Sex, it’s everywhere. You do it, your mom does it, your grandpa did it (Or does it. Thank you modern medicine). Minus a few ‘test tube babies’, not a single human alive is here without it. Sexual images are projected on television, online, and in your own thoughts. It’s just sex, so why do we feel guilty about hooking up?
Studies show that both men and women think about sex an average of 18 – 34 times per day. And yet when the topic of ‘hooking up’ is brought up there are very mixed and even polarizing opinions.
For many the topic is associated with being dirty or impure, as if our natural desires were an error of some sort. We treat it like something that needs to be corrected and look upon those who engage in it casually with disdain. Come on people, it’s not like kicking kittens.
Women in particular feel the ‘shame’ of sex the most. It’s been stigmatized in societies around the world to varying degrees, and women tend to get the most negative attention when expressing themselves sexually. On the other end of the spectrum a promiscuous man will often be looked upon favorably to a certain degree, but often times a negative image of a ‘Predator’ is portrayed.

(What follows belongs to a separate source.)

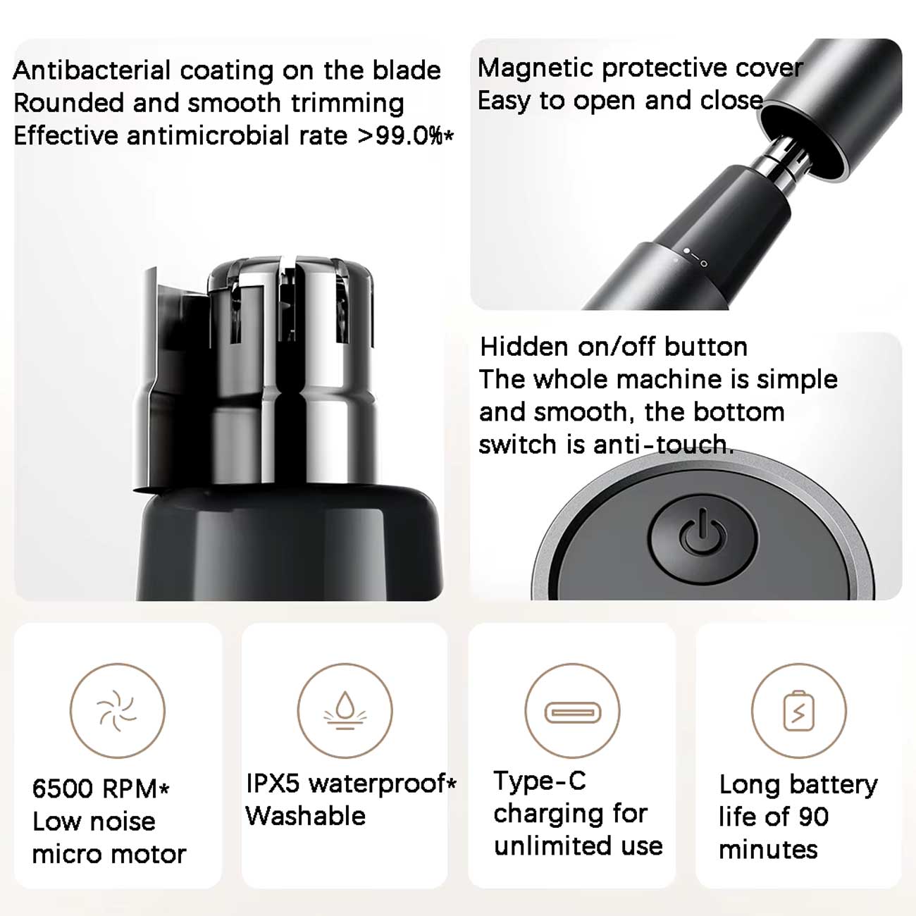 در طول پیرایش، تیغه ها تماس مستقیمی با حفره بینی ندارند و فاصله ایمن مشخصی را حفظ میکنند. موهای بینی را هم به نحوی کوتاه میکنند برای جلوگیری از استنشاق گرد و غبار و باکتری ها مناسب باشند.
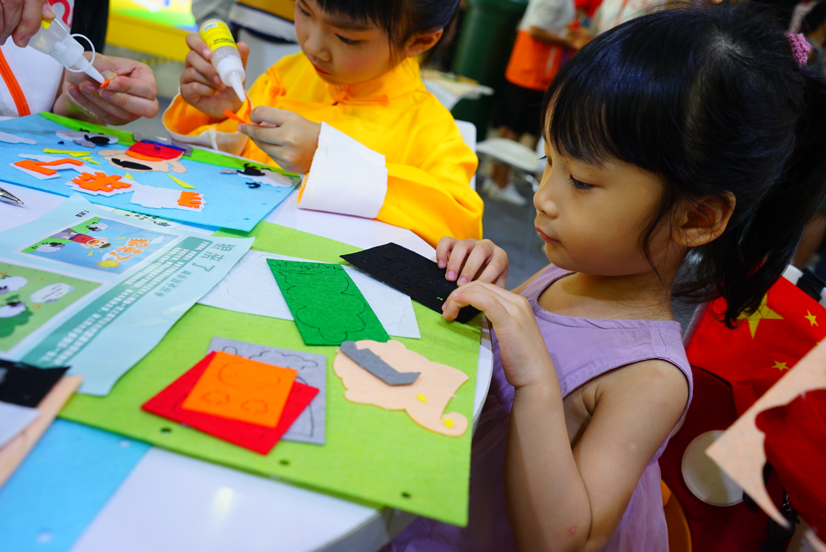 在“手工布書制作”體驗(yàn)區(qū),志愿者耐心地引領(lǐng)兒童制作專屬自己的一本不織布手工書,感受動(dòng)手及閱讀帶來的另一種快樂。

Even though both sexes want it, seven billion people exist because of it, and it pervades (Get it?) almost every area of the media and consumes a huge portion of our lives, hooking up is still considered taboo.
For many women a rationalization is necessary in order to have sex. Just having sex for the pleasure of it is not generally acceptable. Usually it’s justified by attaching a pretext, “We went out three times” or “We’re dating”, which makes it OK because, “It wasn’t just sex” or just “Because”. For men it’s not typically a problem to have sex without a pretext. This causes a double standard to often be applied against women such as “She was so easy”. Sound like predator and prey to you? They both wanted it but one partner get’s the short end of the stick. No pun intended.

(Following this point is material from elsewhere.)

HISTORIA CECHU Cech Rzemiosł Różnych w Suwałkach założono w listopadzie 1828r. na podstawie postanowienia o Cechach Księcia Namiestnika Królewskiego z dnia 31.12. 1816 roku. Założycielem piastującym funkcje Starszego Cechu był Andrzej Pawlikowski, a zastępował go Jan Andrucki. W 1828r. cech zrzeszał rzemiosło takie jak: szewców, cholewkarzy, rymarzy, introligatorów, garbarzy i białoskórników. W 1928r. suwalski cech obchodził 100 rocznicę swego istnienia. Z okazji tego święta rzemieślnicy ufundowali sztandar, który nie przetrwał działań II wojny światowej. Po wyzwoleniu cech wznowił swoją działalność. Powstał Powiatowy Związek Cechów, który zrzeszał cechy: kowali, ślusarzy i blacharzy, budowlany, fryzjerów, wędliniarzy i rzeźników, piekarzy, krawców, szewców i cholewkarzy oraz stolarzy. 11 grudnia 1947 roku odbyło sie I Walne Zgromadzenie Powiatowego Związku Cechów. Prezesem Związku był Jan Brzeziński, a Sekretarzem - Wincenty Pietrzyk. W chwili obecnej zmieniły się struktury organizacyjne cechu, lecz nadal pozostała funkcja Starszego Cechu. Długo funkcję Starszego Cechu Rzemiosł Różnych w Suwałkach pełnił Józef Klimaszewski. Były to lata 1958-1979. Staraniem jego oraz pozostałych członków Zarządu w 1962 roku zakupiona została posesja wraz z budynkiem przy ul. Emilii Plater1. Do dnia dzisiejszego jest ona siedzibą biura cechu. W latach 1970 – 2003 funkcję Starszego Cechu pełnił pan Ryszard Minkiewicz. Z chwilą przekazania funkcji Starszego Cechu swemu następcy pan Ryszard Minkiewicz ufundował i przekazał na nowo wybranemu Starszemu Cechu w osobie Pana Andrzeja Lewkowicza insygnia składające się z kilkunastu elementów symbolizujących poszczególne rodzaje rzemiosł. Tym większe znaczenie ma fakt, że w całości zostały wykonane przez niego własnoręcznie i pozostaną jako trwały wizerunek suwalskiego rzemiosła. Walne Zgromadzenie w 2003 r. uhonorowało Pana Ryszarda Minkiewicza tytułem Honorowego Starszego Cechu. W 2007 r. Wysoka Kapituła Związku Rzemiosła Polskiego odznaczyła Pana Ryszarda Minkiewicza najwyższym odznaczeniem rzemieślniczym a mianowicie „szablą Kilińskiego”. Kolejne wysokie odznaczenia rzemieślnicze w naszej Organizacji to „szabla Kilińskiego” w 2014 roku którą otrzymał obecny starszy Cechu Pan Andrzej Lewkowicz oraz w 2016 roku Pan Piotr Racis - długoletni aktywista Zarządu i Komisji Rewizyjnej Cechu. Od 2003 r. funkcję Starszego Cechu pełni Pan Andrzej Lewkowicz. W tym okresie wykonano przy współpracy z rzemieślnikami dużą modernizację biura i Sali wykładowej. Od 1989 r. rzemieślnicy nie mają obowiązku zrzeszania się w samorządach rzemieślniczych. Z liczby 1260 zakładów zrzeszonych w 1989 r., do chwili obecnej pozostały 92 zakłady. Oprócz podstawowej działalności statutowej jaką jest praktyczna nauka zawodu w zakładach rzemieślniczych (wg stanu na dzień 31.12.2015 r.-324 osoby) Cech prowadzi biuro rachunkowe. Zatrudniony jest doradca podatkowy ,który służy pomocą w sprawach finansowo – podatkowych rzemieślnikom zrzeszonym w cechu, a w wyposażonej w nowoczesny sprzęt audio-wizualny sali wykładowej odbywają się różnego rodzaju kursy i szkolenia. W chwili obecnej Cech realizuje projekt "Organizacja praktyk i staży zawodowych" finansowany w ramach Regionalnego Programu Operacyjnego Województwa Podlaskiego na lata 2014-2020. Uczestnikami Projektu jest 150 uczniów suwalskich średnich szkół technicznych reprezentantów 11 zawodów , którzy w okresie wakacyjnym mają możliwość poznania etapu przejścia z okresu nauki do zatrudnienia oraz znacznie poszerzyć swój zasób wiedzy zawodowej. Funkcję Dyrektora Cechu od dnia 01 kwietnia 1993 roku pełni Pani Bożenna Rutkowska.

With all of the baggage attached to sexuality it’s a mystery how some people are able to make it happen at all, except baggage can’t kill our desire for it. Of course, there are certain context which make it acceptable in society’s eyes such as within the confines of marriage or a committed relationship.
When looked at from a non emotionally-attached perspective though, the context of a relationship does not change the act itself. It’s still sex, only thought about differently.
A lot of this has to do with our history. Religious conditioning and control of the means of production have played a huge role in the shaping of our perspectives and attitudes on sexuality. In some societies people are still punished for sexual expression outside of marriage, and the topic of gay and lesbian sex is frowned upon in most countries.
In the 60s a ‘Sexual revolution’ took place, butting heads with the conservative status quo and and opening sexuality up as a topic that could then be discussed more openly. In Europe a much more liberal attitude has been adopted. Places such as Amsterdam have Red light districts where the sex trade is legal and generally considered morally acceptable.
Still, much of our thinking is stigmatized when it comes to casual hook ups. Most of the time people can’t explain why it’s bad, but it just is, M’kay. This is usually a sign of unconscious social conditioning, because if you don’t have a reason for your beliefs then why do you believe them?
The taboo of sex can charge up desire itself because it creates a sort of escape from the norm (being naughty), allowing people to be free even if only briefly. How brief that freedom is depends on your partner, or pharmacist (wink).
So what should you do if you find your self with major inhibitions and guilt surrounding your own sexuality or that of other people? Below is the kill list for frivolous beliefs surrounding sexuality.
How To Kill The Guilt Surrounding Sexuality
1) Explore your beliefs
Why do you believe what you believe? If you can’t answer this question then it’s time to analyze why it is that you have these beliefs in the first place. Most of the time this can be attributed to social conditioning from childhood, the media, or traditions. We tend to absorb a lot of information and most of it never get’s scrutinized. This results in a lot of contradictory beliefs not grounded in reality. If your point of view is not based on facts and/or does not benefit you, consider making a change.
2) Work through your negative feelings
Now that you’ve identified beliefs which don’t make sense it’s time to figure out what you actually would like your lifestyle to be like. Start by exposing your self to contrary opinions from the one which you have always held and rooting out all possible outcomes. Write down what you have missed out on because of these beliefs and then write down what you would like to experience.
Now that you have explored your thoughts and disemboweled your social confinement, it’s time to try a little sexual liberation. It may not be easy for many people as it’s likely that the old conditioning will still cause a gut reaction. Take it easy and move slowly towards your new found lifestyle goals. The point isn’t to sleep with as many people as possible, but to be truly free from old conditioning when you want to have the experience. The difference is being able to make a decision for your self instead of having to follow rules which don’t make sense, and feeling guilty if you don’t.
No matter what, sex is a deeply personal choice. How we use our bodies shouldn’t be taken lightly. However a little less of the shame might make life a more enjoyable adventure to be shared. Before judging anyone else for their sexual choices look more closely at why you feel that way in the first place.